Apr 21, 2010

Jerry Leake's Cubist, Review by John Garelick

http://thephoenix.com/boston/music/100922-pardon-the-interruption/?page=1#TOPCONTENT

Percussionist Jerry Leake calls it Cubist — which also is the name of his new album (on his own Rhombus Publishing label), and which he celebrates at Ryles this Friday. These concepts take in the continuum of the jazz and ethnic-folklore traditions — not just sequential chronology, but also simultaneity: all traditions existing at once, side by side and on top of one another. To that, Leake would also add the varied perspectives of mathematics involved in his encyclopedic knowledge of world rhythms, and the density one associates with Cubist visual art. The album’s subtitle is Shapes of Sound and Time.

That may all sound daunting, but Cubism is, above all, an album of body-moving grooves. Long a valued sideman in town, Leake is best known for his collaborations with Moroccan-dub jammers Club d’Elf and Indo-Afro-jazz fusionists Natraj. He pinpoints Cubism as being halfway between the loose, trippy jams of the former and the tightly composed formalism of the latter.

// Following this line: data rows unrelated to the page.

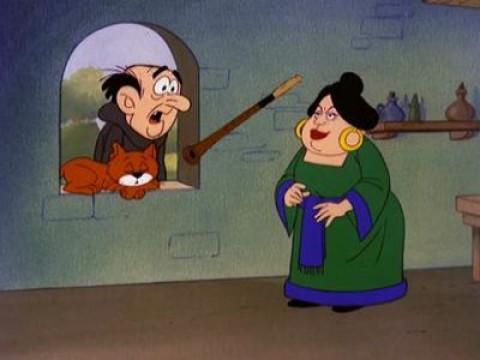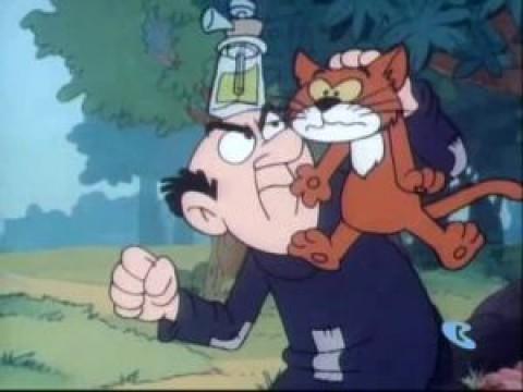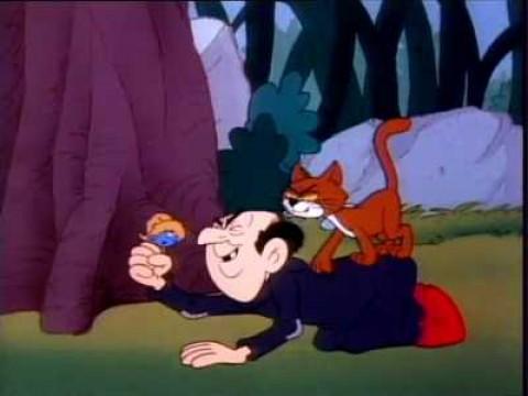 The Smurfs are tiny blue creatures that live in mushroom houses in a peaceful forest. They repeatedly try to outwit Gargamel, an evil sorcerer, his apprentice, Scruple, and his mangy cat, Azrael.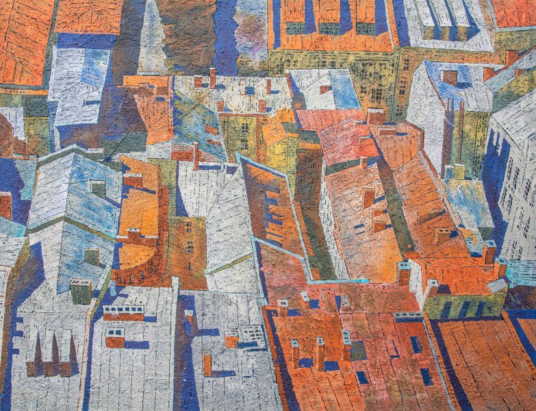 Cette œuvre conceptuelle de Sergio Kovalov, créée en 2025, utilise des éléments de puzzles et des motifs en mosaïque. L'œuvre incarne un mélange de textures et une esthétique rétro grunge, inspirée des influences architecturales de Lviv, en Ukraine. Peinte avec des matériaux de haute qualité, elle exprime la surface rugueuse et riche que l'on retrouve couramment dans les paysages urbains.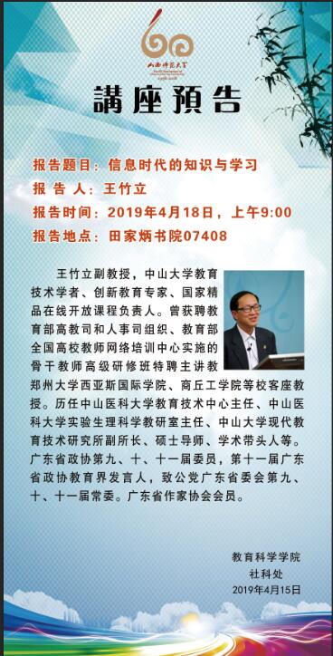 【预告】 中山大学王竹立教授应教育科学学院邀请来威尼斯官网作学术报告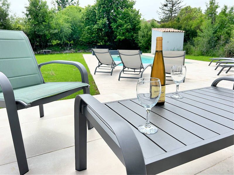 Il y a des chaises longues autour de la belle piscine privée et vous pouvez couvrir la piscine le soir pour que l'eau reste bien chaude. Sur la terrasse il y a une table à manger avec des chaises et dans le jardin vous pourrez profiter de la table de pique-nique sous les arbres ou vous détendre sur un banc au bord du grand jardin. Vous pouvez entrer sur le site par le portail d'entrée et garer votre voiture devant la maison. Le jardin de la Villa Cieurac est entièrement clôturé.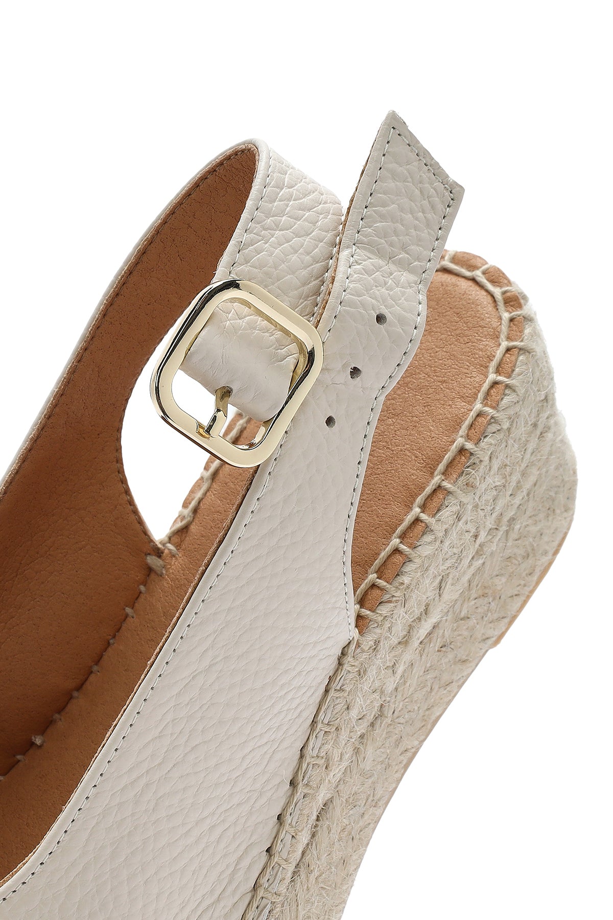 Kadın Krem Bilekten Tokalı Dolgu Topuklu Deri Espadril Sandalet

With its orchestral scope, crystalline transparency, and melodic focus, Cubism sounds like a band, but most tracks are no more than two or three people: Leake playing layers and layers of varied percussion, he and his wife, Lisa, overdubbing vocals, and Randy Roos — who was also Leake’s production partner — playing a small arsenal of guitars.

As Leake describes it, he made repeated trips to Roos’s home studio on Squam Lake in New Hampshire, loading up whatever percussion he’d need for a particular set of tracks — Indian tablas, African balafon, Indonesian gamelan — and adding a new layer with each visit. In many cases, he would mix the flavors of different traditions. “Na Yella Bo” matches a 12/8 African Dagomba rhythm with a 12-beat alegría flamenco cycle; it’s played with, among other things, gung-gong bass drum, cajón, and handclaps. On “Geo,” he shares credit with one of his mentors, the MIT Indian-music scholar George Ruckert, using one of Ruckert’s ginti rhythmic patterns but bringing in turntablist (and fellow Club d’Elfer) Mister Rourke rather than tablas. Leake also asked fellow New England Conservatory faculty member Ken Schaphorst to orchestrate the jazziest of the tunes here, “Smile.”

One of the players from “Smile,” revered reed-and-flute man Stan Strickland, will be part of the Ryles Cubist line-up, which will also include the Leakes, Roos, keyboardist Steve Hunt, bassist Brad Barrett, and drummer Marty Wirt, with another guest from the album, Noam Sender, on ney and vocals.